I've tried Natural Testosterone a while back. I bought it from Amazon and it certainly did work. It worked a little too well actually. Right now my drive is so high, I can't imagine what that stuff would do to me now.

The product I used is suppose to be all natural. It uses very little testosterone in it and you control how much you apply. It's not cheap, I paid 39.00 for the 4oz container. It does work, but it really kicked in after 2 weeks of usage.

There is a 30 day guarantee, full money refund if she's not happy with the product. 
_Posted via Mobile Device_


----------



## Just Wondering (Dec 20, 2011)

Thanks for your help.Whats the product name???$39.00 is still cheaper than a steak dinner.Just joking. we are trying to resolve the lack of desire problem? She is willing to try somethings.One one the greatest things is she is willing to try to resolve the problem and looking for answers.She went to the family Doctor and he his against any Meds for a cure.He is into more natural things. Thanks for answering


----------



## Bottled Up (Nov 12, 2011)

I'mInLoveWithMyHubby said:


> I've tried Natural Testosterone a while back. I bought it from Amazon and it certainly did work. It worked a little too well actually.


Yeah what was the name of the product, and can you elaborate on what "too well" means? And did you start coming into your own desire naturally without using the testosterone, or do you think the testosterone was a gateway in helping you get back into a routine which helped you start wanting it naturally?


----------



## Jasminaa (Nov 2, 2011)

There are some that are topical creams that you apply directly to the skin, by increasing blood flow it makes the area more sensitive. One of these Cleopatras female response arousal creams from http://www.theadulttoyshop.com is a good idea becuase personally I'm weary of anything indigestible you never know how it will react to you physically. 
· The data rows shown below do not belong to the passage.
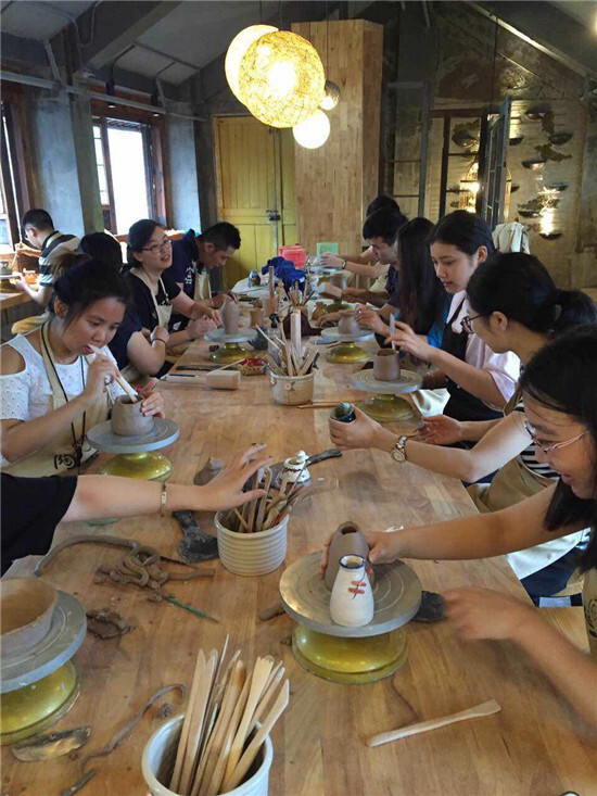 一邊在游覽,另一邊的寧波講師們已到達南塘老街手工陶藝體驗館——陶一天。進館以后,大伙系上圍兜,拿起工具,大展身手,一個個簡直就是藝術(shù)家附體,美美地創(chuàng)作著自己所愛的各式花瓶。
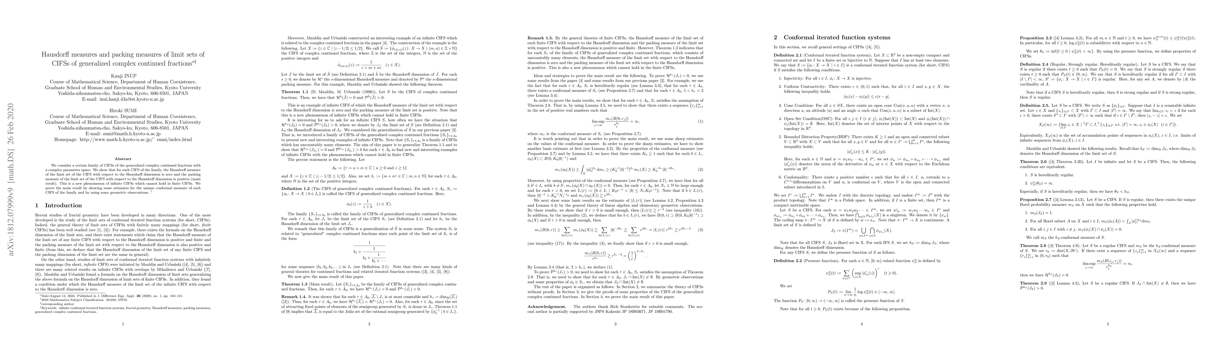 We consider a family of CIFSs of the generalized complex continued fractions with a complex parameter space. We show that for each CIFS of the family, the Hausdorff measure of the limit set of the CIFS with respect to the Hausdorff dimen/sion is zero and the packing measure of the limit set of the CIFS with respect to the Hausdorff dimension is positive (main result). This is a new phenomenon of infinite CIFSs which cannot hold in finite CIFSs. We prove the main result by showing some estimates for the unique conformal measure of each CIFS of the family and by using some geometric observations.
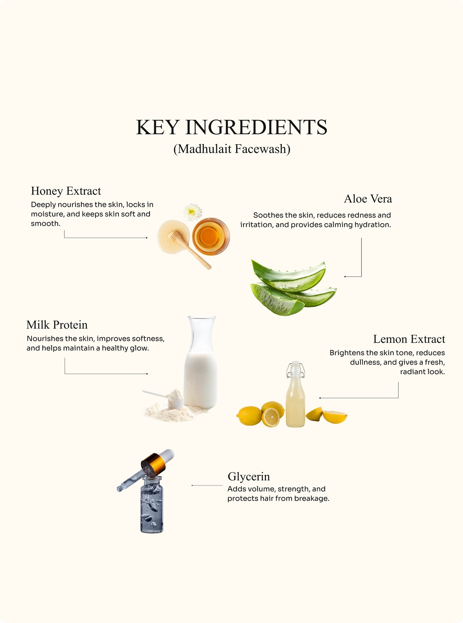 Madhulait Honey Milk Facewash is a rich, creamy cleanser specially designed to deeply hydrate, nourish, and comfort dry skin. Infused with pure Honey, Milk Protein, Aloe Vera, Glycerin, Hyaluronic Acid, Vitamin B5, and soothing actives, it gently removes dirt and impurities without stripping the skin’s natural moisture. Its moisturizing formula helps soften the skin, improve smoothness, and restore a healthy glow, leaving the face fresh, supple, and well-nourished after every wash. Ideal for daily use, it supports healthier-looking, hydrated skin with a soothing cleansing experience.

I think another important factor is to let your mind rest and slide away into a fantasy. maybe if she takes a bubble bath first then she'll be relaxed and it will be easier to get into the romantic frame of mind.


----------



## I'mInLoveWithMyHubby (Nov 7, 2011)

Testosterone Booster (Bio-Identical) Formulated for Women 4 oz. Jar - Soy-Free - Fragrance Free/Unscented & Paraben Free - Money Back Guarantee! No Caffeine - No Ephedrine - No Androstenedione - No Yohimbe:Amazon:Health & Personal Care

There it is. It worked so well I was aroused more then I am now. My drive is so high right now(due to my age and awesome husband) and I would like him twice a day.lol. I used this a while back before my drive kicked in. It worked very well for me. There is mixed reviews I see, but back when I bought it, it had 5 stars. It's been a while since I used this.
_Posted via Mobile Device_


----------



## I'mInLoveWithMyHubby (Nov 7, 2011)

Bottled Up said:


> Yeah what was the name of the product, and can you elaborate on what "too well" means? And did you start coming into your own desire naturally without using the testosterone, or do you think the testosterone was a gateway in helping you get back into a routine which helped you start wanting it naturally?


I wanted sex 24/7 when I used this. I only used it for a few weeks back in 2010. We did get in a 2-3 times a week afterwards for a while, then we almost headed for s sexless marriage. That's when my drive kicked in, months without sex. That is how I found this site. I wanted to know how to make my husband happy. He does so much for me.

We still don't have a "routine" at the moment, but that's good. I don't want it to be routine. It is frequent thank goodness. My husband is a wonderful man!
_Posted via Mobile Device_


----------



## Jasminaa (Nov 2, 2011)

That's good to stay away from routine becuase even though your routine is fun at first, it will become... well... routine!

I like trying having sex in new rooms, in the kitchen, on the counter, in a closet these unconventional places are really exciting and even though you may be doing the same sexual position, just the fact you're in a new room is really spectacular.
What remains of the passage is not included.